Notice: The reproducibility variables underlying each score are classified using an automated LLM-based pipeline, validated against a manually labeled dataset. LLM-based classification introduces uncertainty and potential bias; scores should be interpreted as estimates. Full accuracy metrics and methodology are described in [1].

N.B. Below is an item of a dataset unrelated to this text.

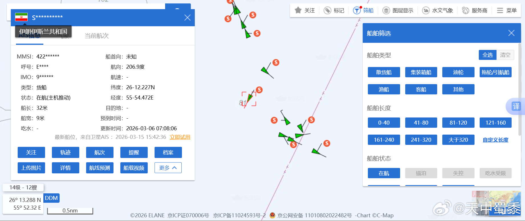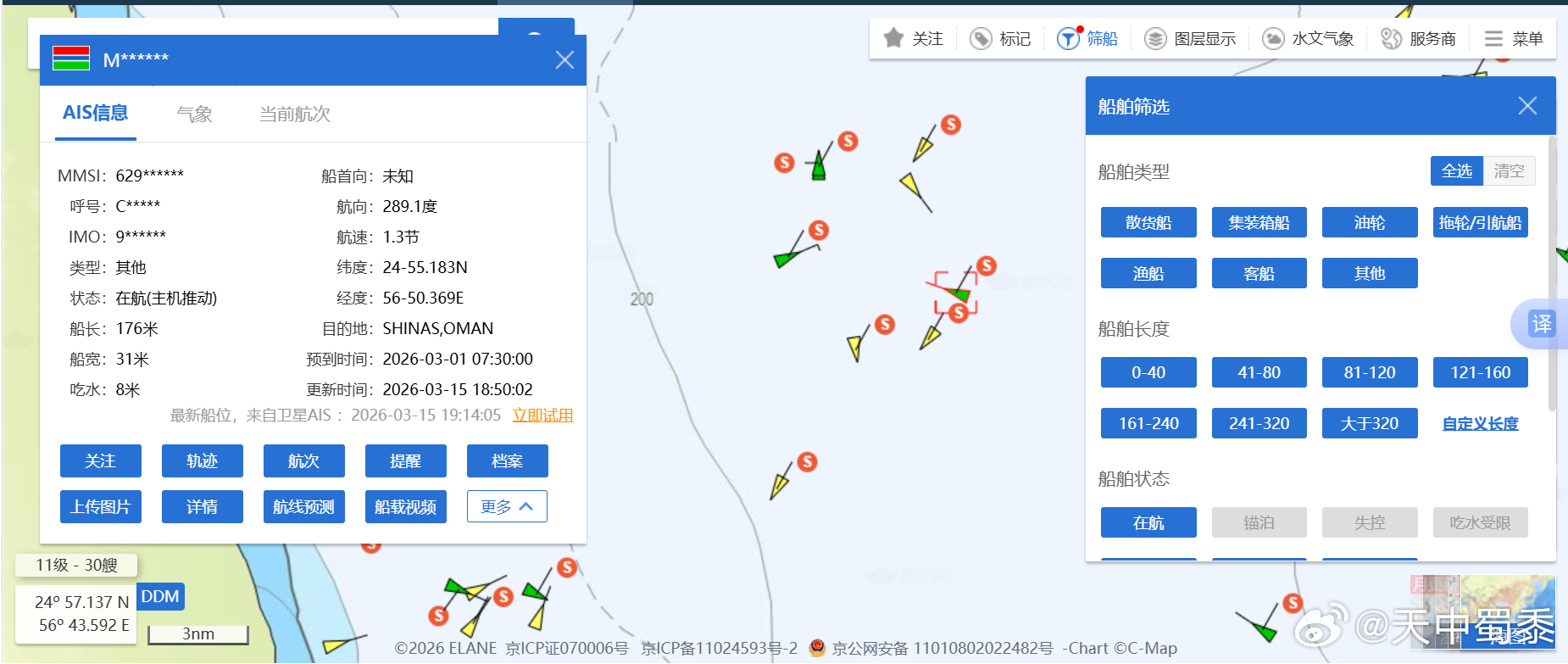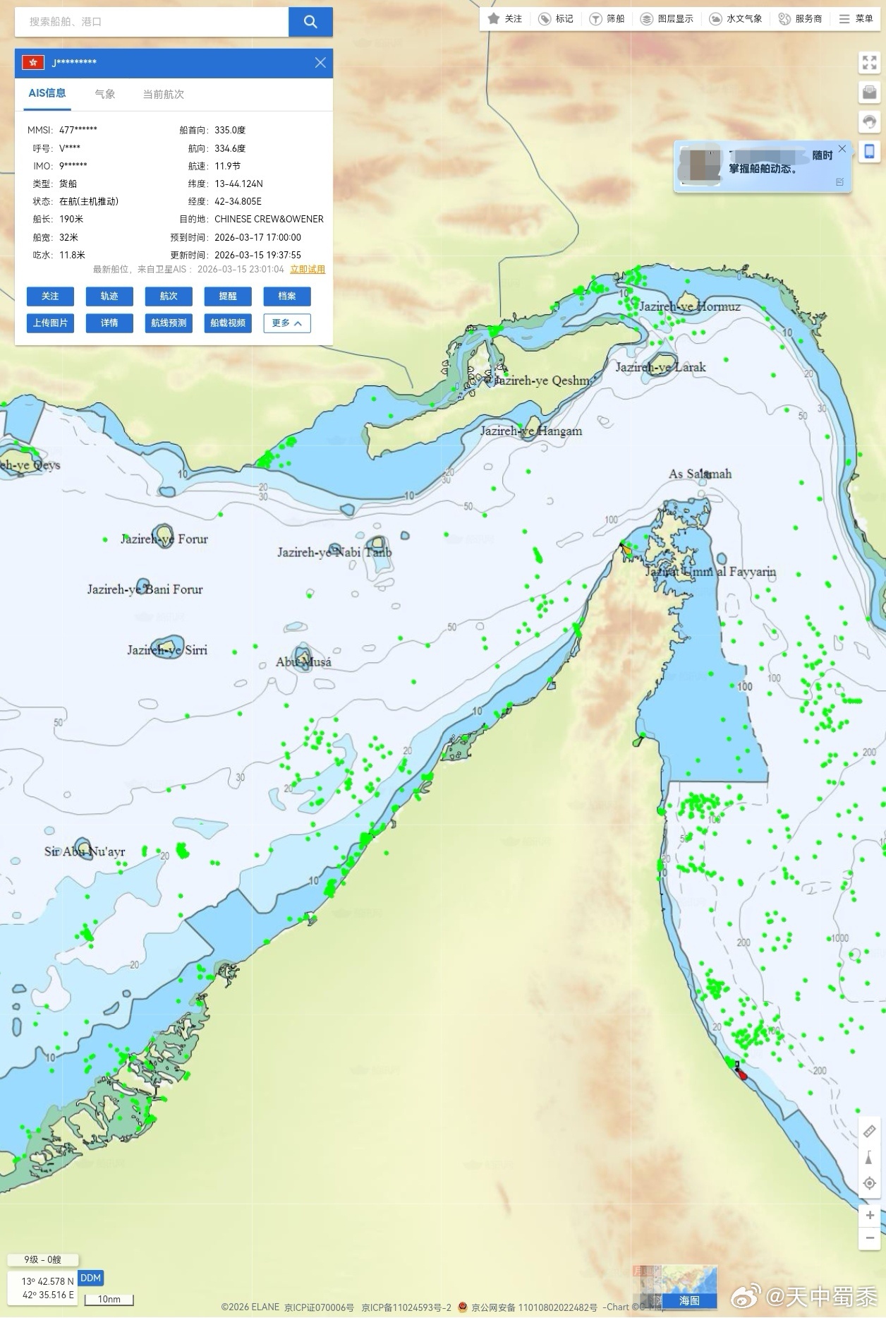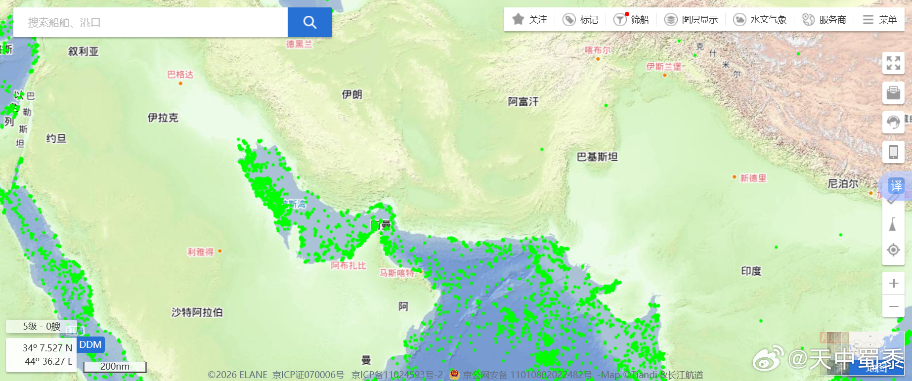 可是霍尔木兹海峡海峡真的被伊朗封锁了吗?船真的过不去了吗?非也!刚刚我查了国际船舶航运实时图,清楚得很,拖船、货船、捕捞船,甚至游艇都在正常运转。

Jointly Learning Environments and Control Policies with Projected Stochastic Gradient Ascent

Authors: Adrien Bolland, Ioannis Boukas, Mathias Berger, Damien Ernst

JAIR 2022 | Venue PDF | LLM Run Details

Reproducibility Variable Result LLM Response
Research Type Experimental We assess the performance of our algorithm in three environments concerned with the design and control of a mass-spring-damper system, a small-scale off-grid power system and a drone, respectively. In addition, our algorithm is benchmarked against a state-of-the-art deep reinforcement learning algorithm used to tackle joint design and control problems. We show that DEPS performs at least as well or better in all three environments, consistently yielding solutions with higher returns in fewer iterations.
Researcher Affiliation Academia Adrien Bolland EMAIL Ioannis Boukas EMAIL Mathias Berger EMAIL Damien Ernst EMAIL Montefiore Institute University of Liège Liège, Belgium
Pseudocode Yes Algorithm 1 summarizes the steps performed in the DEPS algorithm. The execution of the projected stochastic gradient ascent algorithm for optimizing the objective in equation (5) is shown in more details in Algorithm 2 in Appendix B.
Open Source Code Yes The implementation of our algorithm and of the different benchmarks are provided in the following Git Hub repository: https://github.com/adrienBolland/Jointly-Learning-Environments-and-Control-Policies-with-Projected-Stochastic-Gradient-Ascent
Open Datasets No The paper defines three environments, 'mass-spring-damper system', 'small-scale off-grid power system' and 'drone', and details their parameters and dynamics in Appendices D, E, and F. For example, in Appendix E, Table 9 presents 'Electrical load consumption and PV production capacity factor data' which are parameters for their simulated microgrid environment. No external public datasets are explicitly mentioned with access information.
Dataset Splits No The expected return is computed from 64 Monte-Carlo samples (i.e., by sampling 64 i.i.d. trajectories). In addition, we note that the different algorithms we use for selecting policies are stochastic. Hence, we naturally report the average expected return of the pair of policies and environments computed by those algorithms, which is estimated by averaging the performance over ten runs (random seeds) of those algorithms.
Hardware Specification No The paper does not provide specific hardware details such as CPU/GPU models, memory, or specific computing platforms used for running the experiments.
Software Dependencies No Furthermore, the Adam algorithm (Kingma & Ba, 2014) is used for updating (ψ, θ). (Section 5.2.1) In our implementation, Py Torch handles this automatically. (Appendix E) Open AI Gym library (Brockman et al., 2016). (Introduction) None of these mentions specific version numbers.
Experiment Setup Yes The gradients are estimated on batches of M = 64 trajectories and the step size α of the Adam algorithm is chosen equal to 0.005 for both the environment and the policy gradients. We retain the default values for the other parameters of the Adam algorithm. Moreover, the inputs of the policy are z-normalized using mean vector (xref, 0, 0) and standard deviation vector (0.005, 0.02, 100), which is an approximation of the standard deviation vector of the states collected over high-performing trajectories. (Section 5.2.1) The parameters of the JODC algorithm are provided in Table 11, 12 and 13 for the MSD, the microgrid and the drone environments, respectively.